学习用于视频修补的时空纹理转换器网络。Learning a spatial-temporal texture transformer network for video inpainting.-医云文献数字医云科研云海量医学决策数据服务

Abstract：

We study video inpainting, which aims to recover realistic textures from damaged frames. Recent progress has been made by taking other frames as references so that relevant textures can be transferred to damaged frames. However, existing video inpainting approaches neglect the ability of the model to extract information and reconstruct the content, resulting in the inability to reconstruct the textures that should be transferred accurately. In this paper, we propose a novel and effective spatial-temporal texture transformer network (STTTN) for video inpainting.
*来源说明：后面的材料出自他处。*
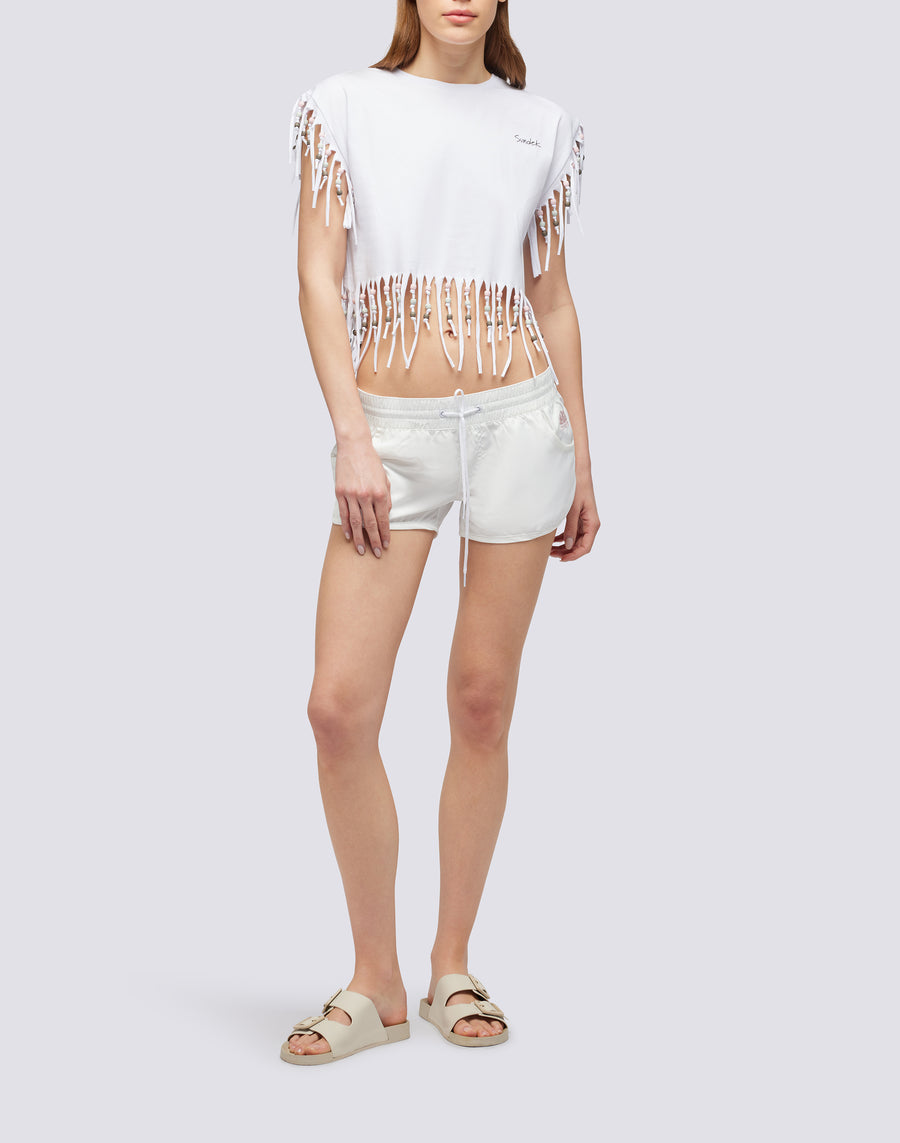 Parfait pour celles qui aiment un look de plage super informel, ce débardeur à franges pour femme est le vêtement idéal pour les journées d'été. Polyvalent et tendance, il est idéal lorsqu'il est associé à un bikini.
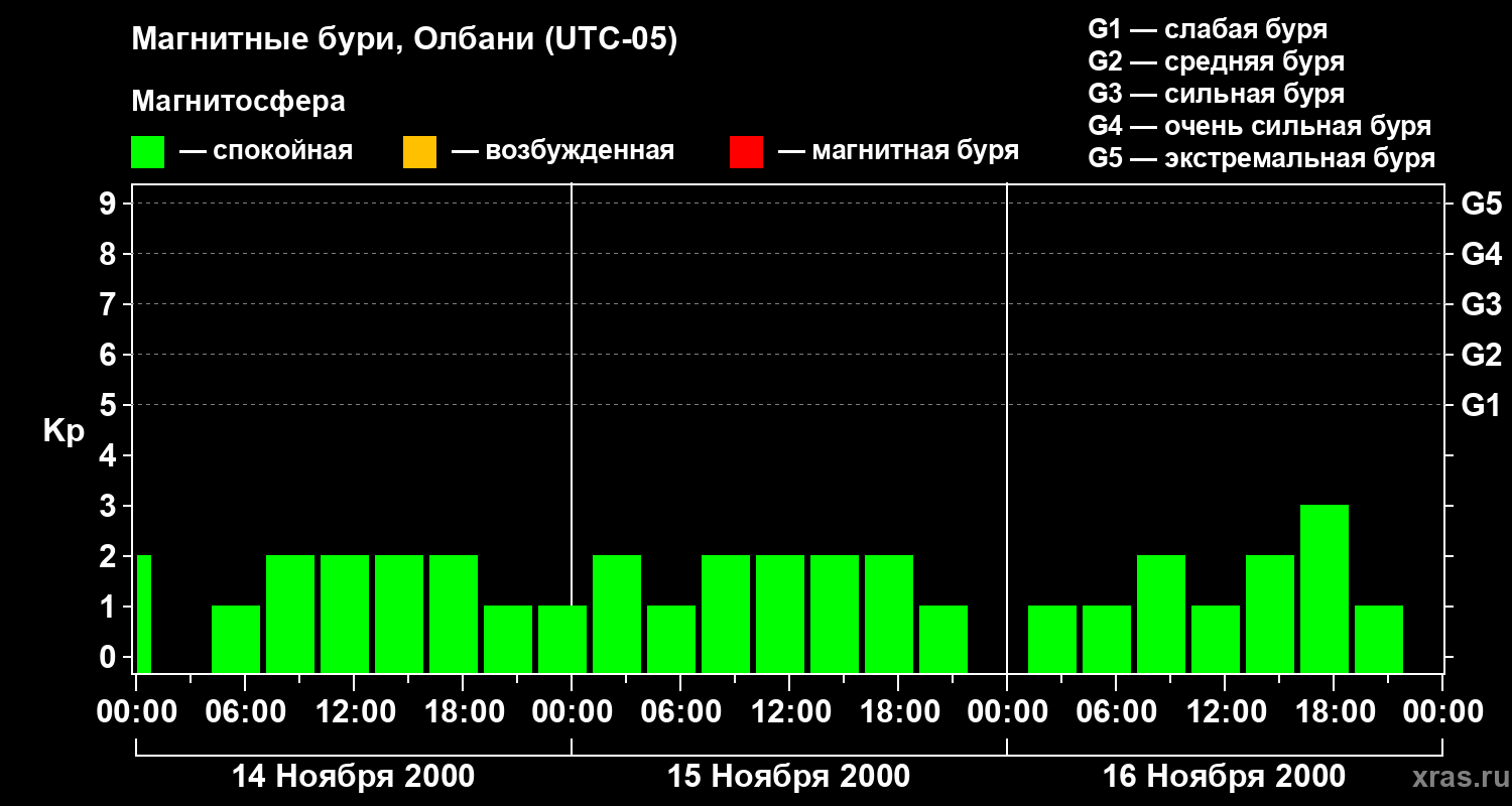 Изменения геомагнитного индекса Kp с 14 по 16 ноября 2000 года для средних широт

STTTN consists of six closely related modules optimized for video inpainting tasks: feature similarity measure for more accurate frame pre-repair, an encoder with strong information extraction ability, embedding module for finding a correlation, coarse low-frequency feature transfer, refinement high-frequency feature transfer, and decoder with accurate content reconstruction ability. Such a design encourages joint feature learning across the input and reference frames. To demonstrate the advancedness and effectiveness of the proposed model, we conduct comprehensive ablation learning and qualitative and quantitative experiments on multiple datasets by using standard stationary masks and more realistic moving object masks. The excellent experimental results demonstrate the authenticity and reliability of the STTTN.

摘要：

我们研究视频绘画，其目的是从损坏的帧恢复逼真的纹理。通过将其他帧作为参考，从而可以将相关纹理转移到损坏的帧，从而取得了最新进展。然而,现有的视频修复方法忽略了模型提取信息和重建内容的能力，导致无法重建应准确转移的纹理。在本文中,我们提出了一种新颖有效的时空纹理变换网络（STTTN）用于视频修补。STTTN由六个紧密相关的模块组成，这些模块针对视频修补任务进行了优化：特征相似性度量，以实现更准确的帧预修复，具有强大信息提取能力的编码器，用于查找相关性的嵌入模块，粗低频特征传递，精化高频特征传递，和解码器具有准确的内容重建能力。这样的设计鼓励跨输入和参考帧的联合特征学习。为了证明该模型的先进性和有效性，我们通过使用标准的固定掩模和更真实的移动对象掩模，对多个数据集进行全面的消融学习和定性和定量实验。良好的实验结果证明了STTTN的真实性和可靠性。